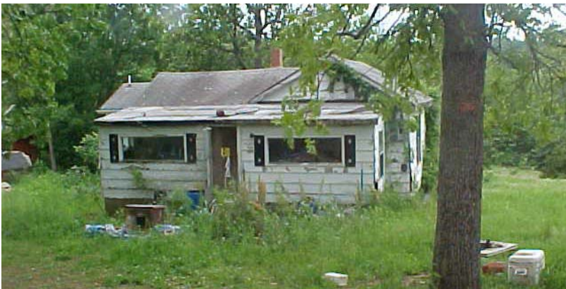
House to be removed
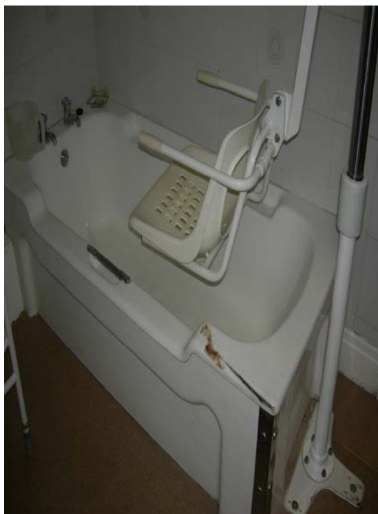
Vivian House - Before
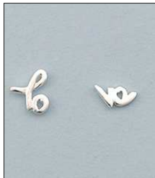
JE102392SL WT: 0.8 gm
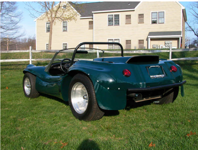
Potent tail of the Desertor GS. Tires are enclosed by fiberglass pods for street.
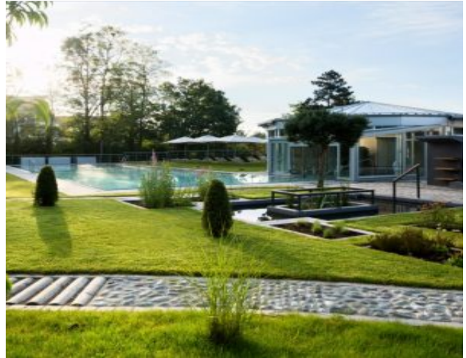
New Gardens & Swimming Pool
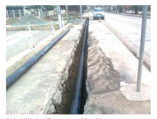
Rehabilitation/Extension of Sarchinar quarter water network

Rehabilitation/extension of the Bakhtiary quarter water network benefiting 40,000 people, and rehabilitation/extension of Sarchinar quarter water network benefiting 20,000 people were completed and contributed to the improved access to safe water.
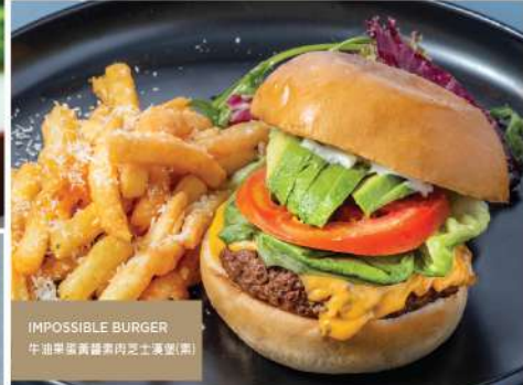
IMPOSSIBLE BURGER 牛油果蛋黃醬素肉芝士漢堡(素)
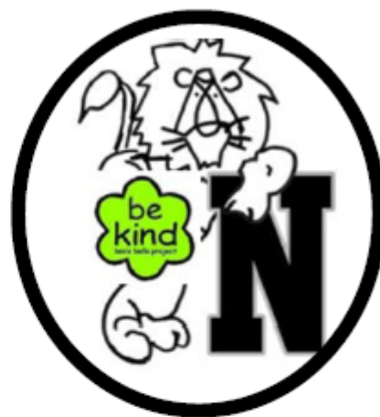
Logo on PopSocket
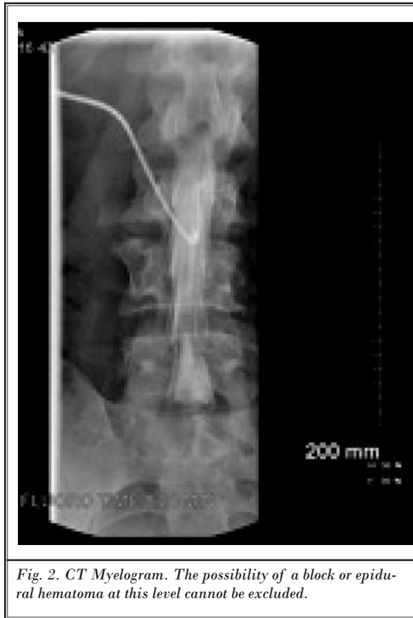
Fig. 2. CT Myelogram. The possibility of a block or epidural hematoma at this level cannot be excluded.

studies were normal. The patient was not on any anti-platelet medications or anticoagulants. On post-operative day #5, the patient underwent a thoracic T8-9 laminectomy with excision of epidural hematoma and removal of spinal cord stimulator electrodes. Per report; there were no post-operative complications and the patient tolerated the procedure well. A follow up MRI of the thoracic spine revealed cord edema at T8 through the conus medullaris and a large herniated disc at T8/9 and T9/10.
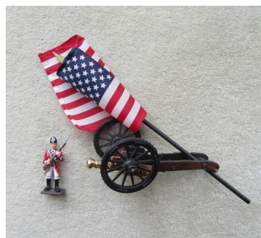
Produce of various US National Park Service revolutionary war sites. nps.gov, I love your shops!
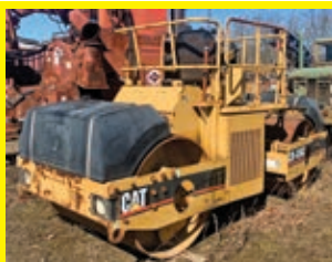
CAT CB434C SN:4DN00100 Cat diesel engine, ROPS, 56in. Smooth drum, vibratory drum, double drum, drum drive, water system, 2,224 hours.
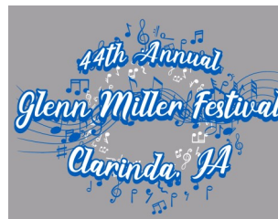
Front left chest logo
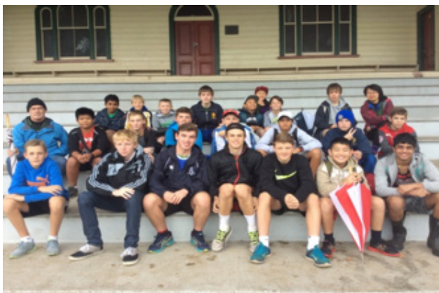
Above: All the boys and teachers looking ready to go on the last session.
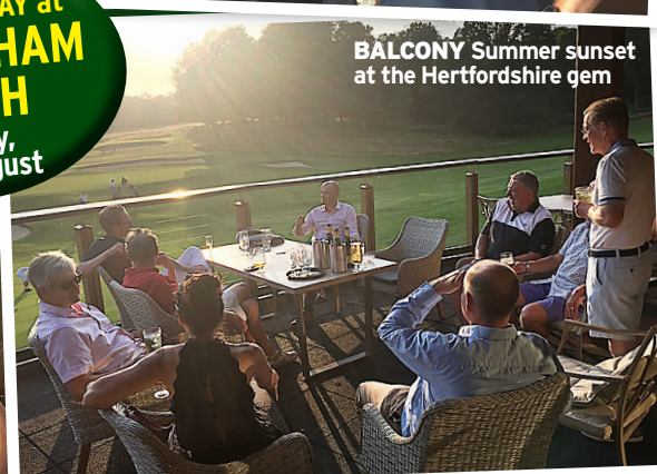
BALCONY Summer sunset at the Hertfordshire gem
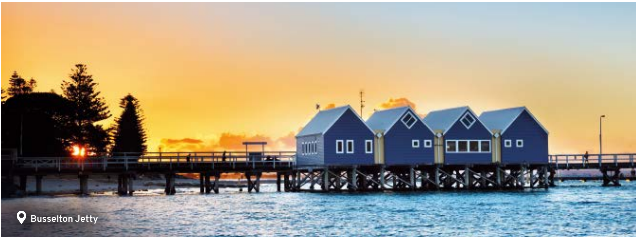
📍 Busselton Jetty
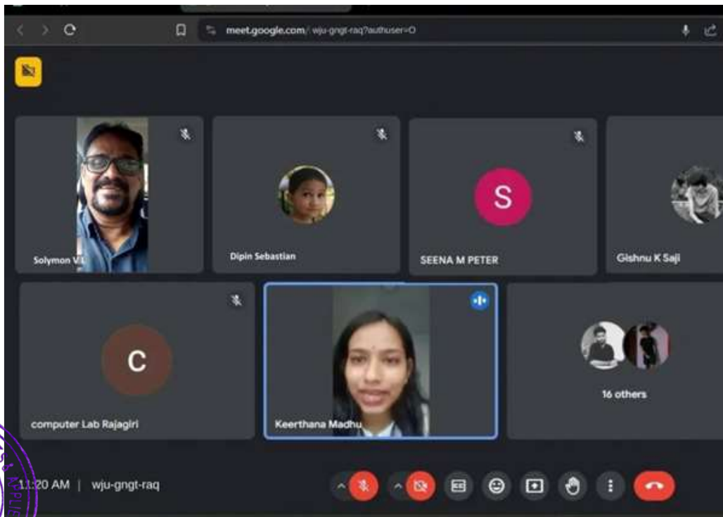
Screenshot of the Future Focus: Career Orientation and Guidance Programme
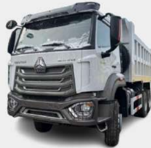
SINOTRUK Dump Truck 6 x 4
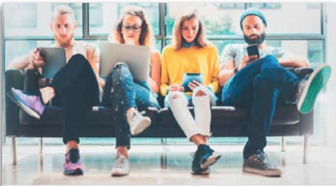
Job search in Denmark

We advise you to complete our four e-learning modules on job search in Denmark to get insight, knowledge, inspiration and tips on finding a job.
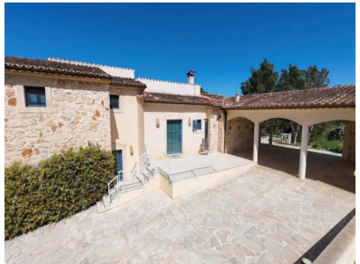
Entrance area and parking spaces
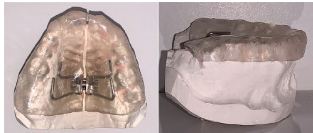
Figure 1. The modified acrylic bonded maxillary expansion appliance which has occlusal coverage of all the maxillary teeth

BBT was evaluated considering a previous study (9). Root length was determined as the distance from the horizontal reference line which was made at the radiographic level of CEJ to the root apex. Two points
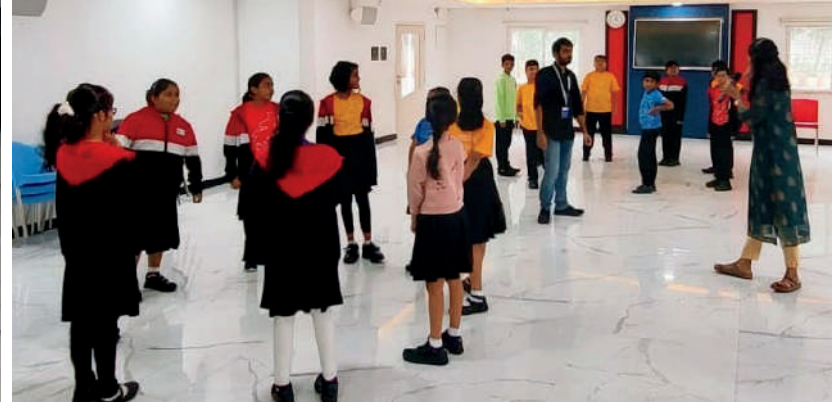
The SpringUP Experience: Cultivating Healthy Relationships!
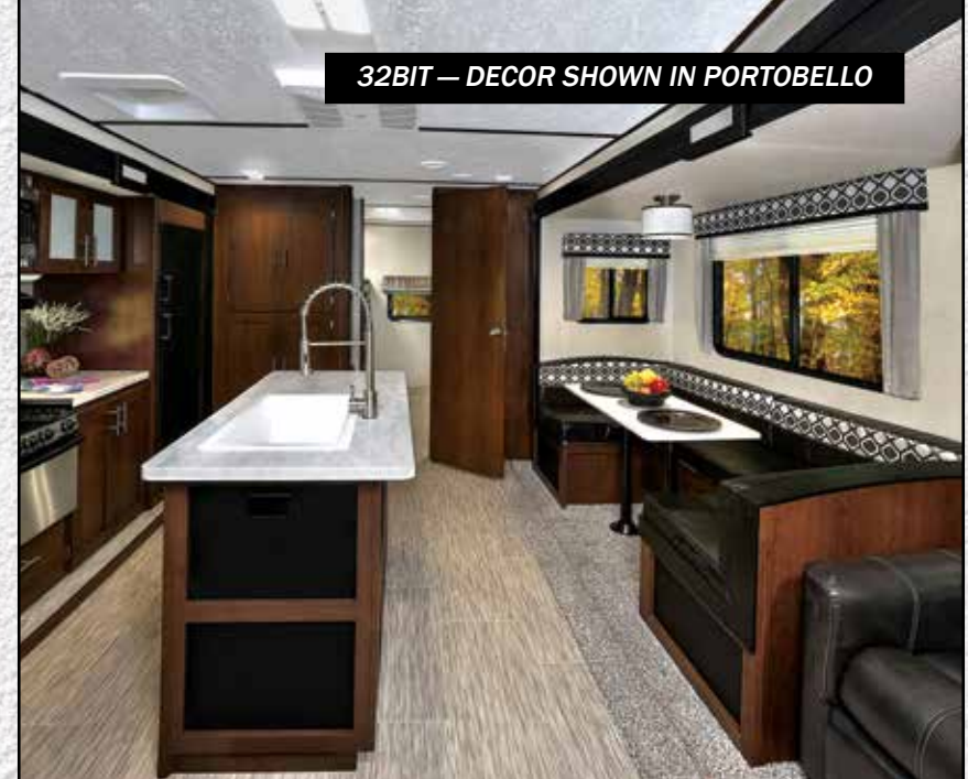
32BIT — DECOR SHOWN IN PORTOBELLO

For both the first-time buyer and seasoned camping veteran, the value-conscious Avenger often represents a customer's first experience with a recreational vehicle from Prime Time Manufacturing. Since first impressions are critical - and last a lifetime - we've insisted that Avenger combine comfort, convenience, and style with the industry's highest standard of quality and construction. By providing a GREAT ownership experience, Avenger is Prime Time's way of welcoming you to our family. We hope that your future journeys will always include a Prime Time RV.
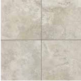
SAIL WHITE PZ91
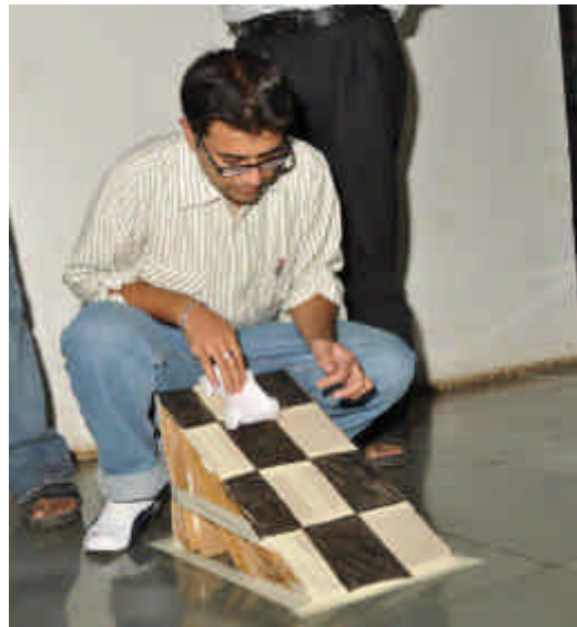
Engineers at Work - "Enjoying their Creations"
·····
→ **Your objective**: Please restate the whole listing exactly, without any of its pictures.

→ **Answer box**:
House to be removed
Vivian House - Before
JE102392SL WT: 0.8 gm
Potent tail of the Desertor GS. Tires are enclosed by fiberglass pods for street.
New Gardens & Swimming Pool
Rehabilitation/Extension of Sarchinar quarter water network

Rehabilitation/extension of the Bakhtiary quarter water network benefiting 40,000 people, and rehabilitation/extension of Sarchinar quarter water network benefiting 20,000 people were completed and contributed to the improved access to safe water.
IMPOSSIBLE BURGER 牛油果蛋黃醬素肉芝士漢堡(素)
Logo on PopSocket
Fig. 2. CT Myelogram. The possibility of a block or epidural hematoma at this level cannot be excluded.

studies were normal. The patient was not on any anti-platelet medications or anticoagulants. On post-operative day #5, the patient underwent a thoracic T8-9 laminectomy with excision of epidural hematoma and removal of spinal cord stimulator electrodes. Per report; there were no post-operative complications and the patient tolerated the procedure well. A follow up MRI of the thoracic spine revealed cord edema at T8 through the conus medullaris and a large herniated disc at T8/9 and T9/10.
Produce of various US National Park Service revolutionary war sites. nps.gov, I love your shops!
CAT CB434C SN:4DN00100 Cat diesel engine, ROPS, 56in. Smooth drum, vibratory drum, double drum, drum drive, water system, 2,224 hours.
Front left chest logo
Above: All the boys and teachers looking ready to go on the last session.
BALCONY Summer sunset at the Hertfordshire gem
📍 Busselton Jetty
Screenshot of the Future Focus: Career Orientation and Guidance Programme
SINOTRUK Dump Truck 6 x 4
Job search in Denmark

We advise you to complete our four e-learning modules on job search in Denmark to get insight, knowledge, inspiration and tips on finding a job.
Entrance area and parking spaces
Figure 1. The modified acrylic bonded maxillary expansion appliance which has occlusal coverage of all the maxillary teeth

BBT was evaluated considering a previous study (9). Root length was determined as the distance from the horizontal reference line which was made at the radiographic level of CEJ to the root apex. Two points
The SpringUP Experience: Cultivating Healthy Relationships!
32BIT — DECOR SHOWN IN PORTOBELLO

For both the first-time buyer and seasoned camping veteran, the value-conscious Avenger often represents a customer's first experience with a recreational vehicle from Prime Time Manufacturing. Since first impressions are critical - and last a lifetime - we've insisted that Avenger combine comfort, convenience, and style with the industry's highest standard of quality and construction. By providing a GREAT ownership experience, Avenger is Prime Time's way of welcoming you to our family. We hope that your future journeys will always include a Prime Time RV.
SAIL WHITE PZ91
Engineers at Work - "Enjoying their Creations"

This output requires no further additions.